- **DATA IN THIS EXERCISE**

**********

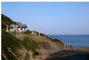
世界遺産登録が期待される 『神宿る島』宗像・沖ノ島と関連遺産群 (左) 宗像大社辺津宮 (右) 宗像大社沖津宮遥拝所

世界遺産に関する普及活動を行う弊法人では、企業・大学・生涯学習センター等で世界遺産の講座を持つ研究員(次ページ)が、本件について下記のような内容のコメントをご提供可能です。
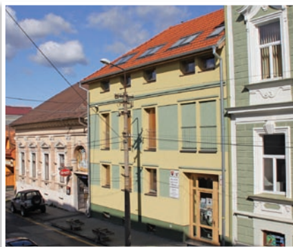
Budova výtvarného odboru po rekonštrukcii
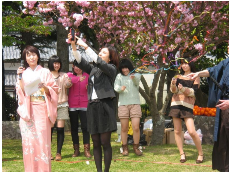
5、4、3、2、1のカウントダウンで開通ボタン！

**********

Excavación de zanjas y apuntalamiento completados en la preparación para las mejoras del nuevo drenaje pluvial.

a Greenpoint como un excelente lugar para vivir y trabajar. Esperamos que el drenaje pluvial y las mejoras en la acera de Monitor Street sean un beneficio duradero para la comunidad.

**********

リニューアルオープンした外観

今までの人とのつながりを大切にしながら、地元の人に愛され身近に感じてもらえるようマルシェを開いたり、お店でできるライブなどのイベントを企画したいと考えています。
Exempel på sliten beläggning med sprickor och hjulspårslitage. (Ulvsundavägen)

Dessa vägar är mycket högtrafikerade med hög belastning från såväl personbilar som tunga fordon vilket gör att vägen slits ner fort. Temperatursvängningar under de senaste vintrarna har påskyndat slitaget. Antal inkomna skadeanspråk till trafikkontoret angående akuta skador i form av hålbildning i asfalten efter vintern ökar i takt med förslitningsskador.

**********

- **PROBLEM REQUIREMENTS**
For this exercise, repeat exactly the lines of the data above from the one with "リニューアルオープンした外観" down to the one with "Dessa vägar är", both end lines included.

- **OUTPUT OF THE EXERCISE**
リニューアルオープンした外観

今までの人とのつながりを大切にしながら、地元の人に愛され身近に感じてもらえるようマルシェを開いたり、お店でできるライブなどのイベントを企画したいと考えています。
Exempel på sliten beläggning med sprickor och hjulspårslitage. (Ulvsundavägen)

Dessa vägar är mycket högtrafikerade med hög belastning från såväl personbilar som tunga fordon vilket gör att vägen slits ner fort. Temperatursvängningar under de senaste vintrarna har påskyndat slitaget. Antal inkomna skadeanspråk till trafikkontoret angående akuta skador i form av hålbildning i asfalten efter vintern ökar i takt med förslitningsskador.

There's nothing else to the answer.